Localization in one-dimensional chains with L\'evy-type disorder

TL;DR

This paper investigates Anderson localization in one-dimensional chains with long-range correlated disorder inspired by L\'evy glasses, revealing a power-law dependence of localization length on frequency and analyzing wavepacket dynamics.

Contribution

It introduces a model of disorder with power-law distributed impurities and derives the frequency dependence of localization length in this regime.

Findings

Localization length scales as \( \omega^{-\alpha} \) at small frequencies.

Wavepackets develop inverse power-law fronts with \( \alpha \)-dependent exponents.

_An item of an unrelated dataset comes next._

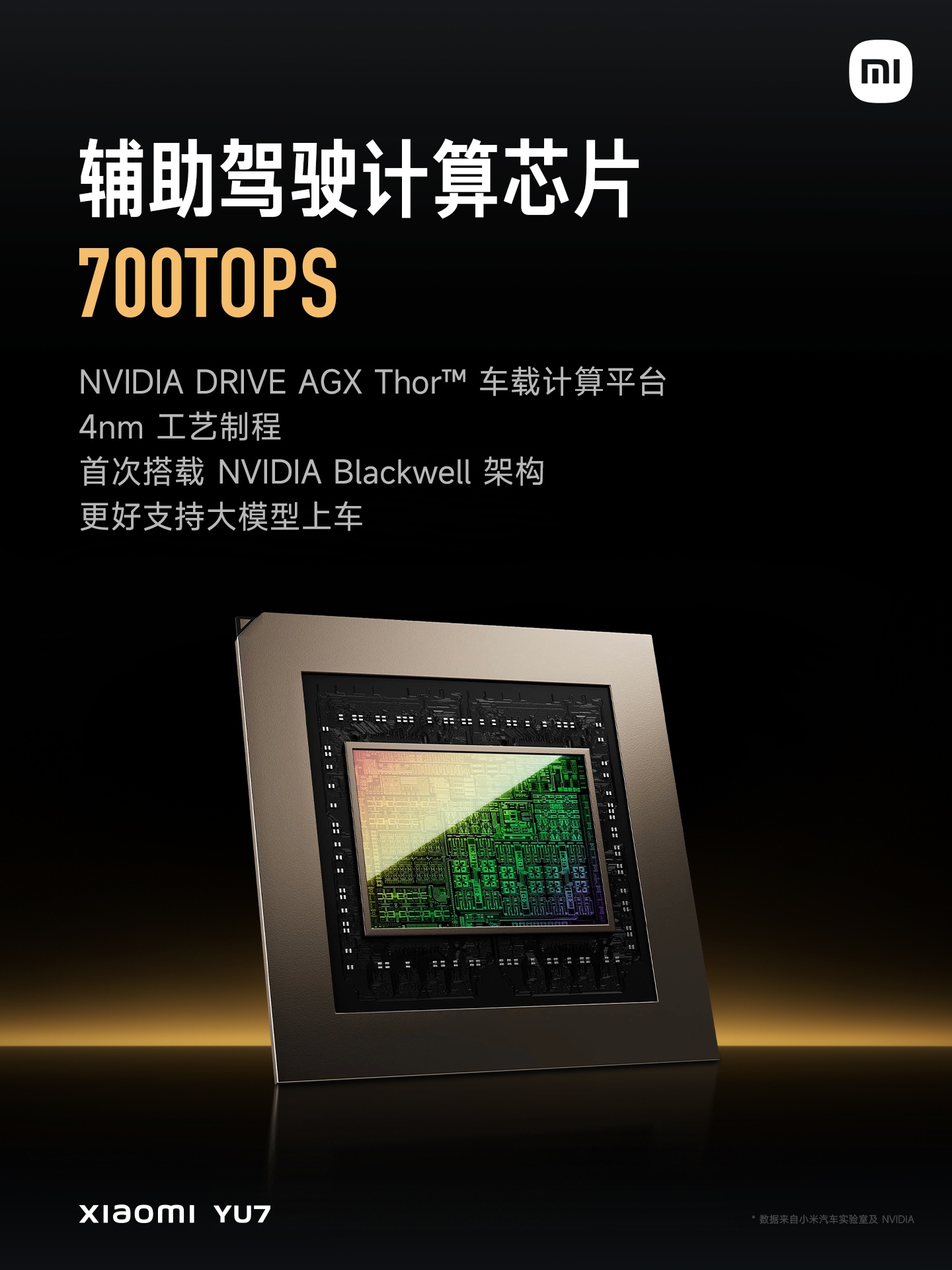 - Xiaomi YU7 mai este echipat cu platforma de calcul la bord NVIDIA DRIVE AGX Thor™ de ultimă generație pentru conducerea asistată, care este construită pe un proces de 4 nm și oferă 700 TOPS de putere de calcul. De asemenea, prezintă pentru prima dată arhitectura NVIDIA Blackwell, oferind un suport mai puternic pentru modelele mari pe dispozitiv și oferind o experiență mai bună de conducere asistată.

Numerical results confirm the analytical predictions.

Abstract

We study Anderson localization of the classical lattice waves in a chain with mass impurities distributed randomly through a power-law relation $s^{-(1+\alpha)}$ with $ s $ as the distance between two successive impurities and $\alpha>0$. This model of disorder is long-range correlated and is inspired by the peculiar structure of the complex optical systems known as L\'evy glasses. Using theoretical arguments and numerics, we show that in the regime in which the average distance between impurities is finite with infinite variance, the small-frequency behaviour of the localization length is $ \xi_\alpha(\omega) \sim \omega^{-\alpha} $. The physical interpretation of this result is that, for small frequencies and long wavelengths, the waves feel an effective disorder whose fluctuations are scale-dependent. Numerical simulations show that an initially localized wavepacket attains, at large times, a characteristic inverse power-law front with an $ \alpha $-dependent exponent which can be estimated analytically.